==== AVAILABLE RECORDS
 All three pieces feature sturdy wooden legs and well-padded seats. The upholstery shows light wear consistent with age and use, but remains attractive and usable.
========
==== AVAILABLE RECORDS
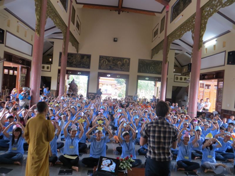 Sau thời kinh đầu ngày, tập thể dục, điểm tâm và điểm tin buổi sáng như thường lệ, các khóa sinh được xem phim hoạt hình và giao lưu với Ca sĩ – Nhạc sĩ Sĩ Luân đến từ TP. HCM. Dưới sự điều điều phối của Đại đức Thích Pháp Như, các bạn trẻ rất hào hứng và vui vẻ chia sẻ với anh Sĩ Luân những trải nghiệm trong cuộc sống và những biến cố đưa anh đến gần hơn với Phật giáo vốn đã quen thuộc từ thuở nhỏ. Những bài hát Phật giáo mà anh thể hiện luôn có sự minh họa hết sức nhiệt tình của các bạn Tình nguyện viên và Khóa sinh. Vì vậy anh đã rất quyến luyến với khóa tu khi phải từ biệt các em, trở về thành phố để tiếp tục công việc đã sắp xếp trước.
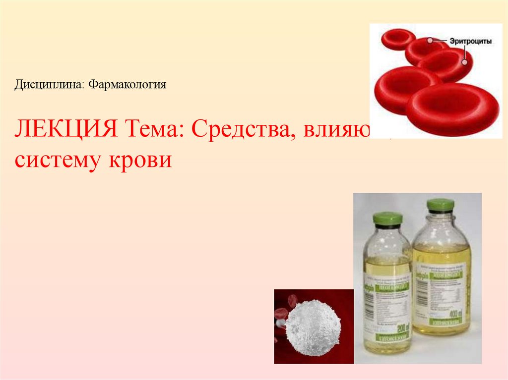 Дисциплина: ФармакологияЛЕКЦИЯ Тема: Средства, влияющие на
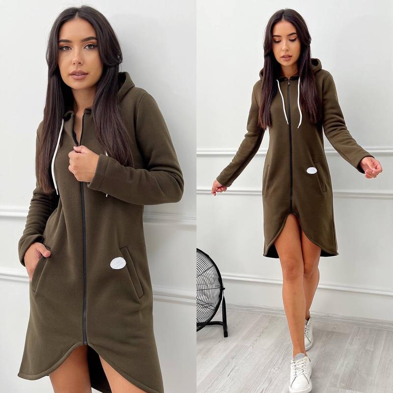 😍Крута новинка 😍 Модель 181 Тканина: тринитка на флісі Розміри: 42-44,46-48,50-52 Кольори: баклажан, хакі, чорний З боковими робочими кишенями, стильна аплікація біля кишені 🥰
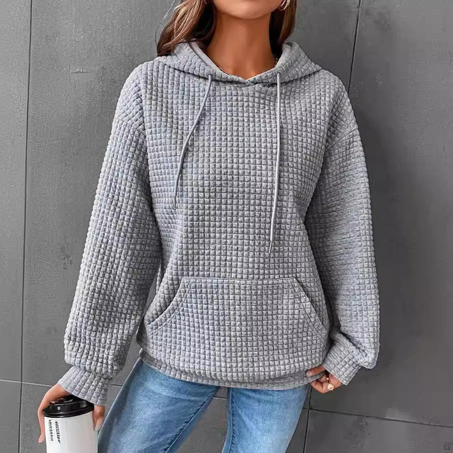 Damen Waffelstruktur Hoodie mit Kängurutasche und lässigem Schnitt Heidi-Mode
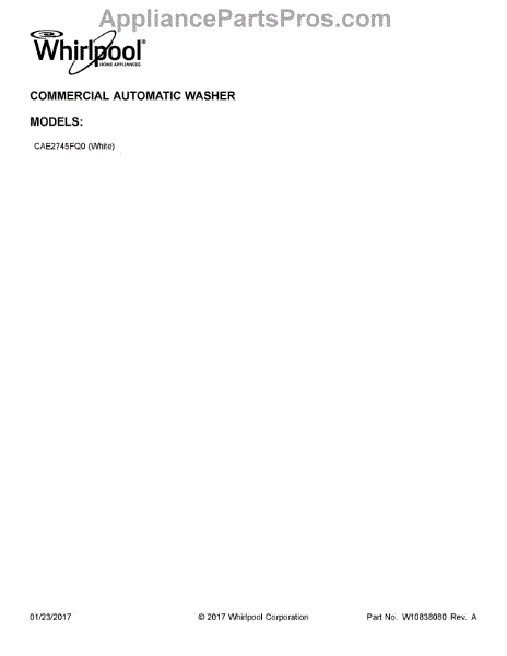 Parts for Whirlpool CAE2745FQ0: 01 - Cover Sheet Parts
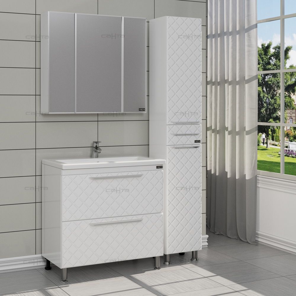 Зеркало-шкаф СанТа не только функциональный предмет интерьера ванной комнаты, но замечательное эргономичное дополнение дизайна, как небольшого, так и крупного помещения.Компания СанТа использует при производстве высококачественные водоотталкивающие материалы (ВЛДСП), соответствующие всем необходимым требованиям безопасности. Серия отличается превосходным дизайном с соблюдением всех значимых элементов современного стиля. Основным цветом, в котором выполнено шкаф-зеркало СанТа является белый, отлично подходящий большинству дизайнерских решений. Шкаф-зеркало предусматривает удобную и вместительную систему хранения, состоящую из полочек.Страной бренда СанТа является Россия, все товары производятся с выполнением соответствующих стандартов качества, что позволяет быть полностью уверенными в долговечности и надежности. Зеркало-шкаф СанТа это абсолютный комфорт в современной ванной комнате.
========
*TASK PROMPT*
Your answer should consist of the lines above between those holding "Дисциплина: ФармакологияЛЕКЦИЯ Тема: Средства, влияющие" and "Parts for Whirlpool", inclusive, reproduced word for word and without pictures.

*TASK SOLUTION*
 Дисциплина: ФармакологияЛЕКЦИЯ Тема: Средства, влияющие на
 😍Крута новинка 😍 Модель 181 Тканина: тринитка на флісі Розміри: 42-44,46-48,50-52 Кольори: баклажан, хакі, чорний З боковими робочими кишенями, стильна аплікація біля кишені 🥰
 Damen Waffelstruktur Hoodie mit Kängurutasche und lässigem Schnitt Heidi-Mode
 Parts for Whirlpool CAE2745FQ0: 01 - Cover Sheet Parts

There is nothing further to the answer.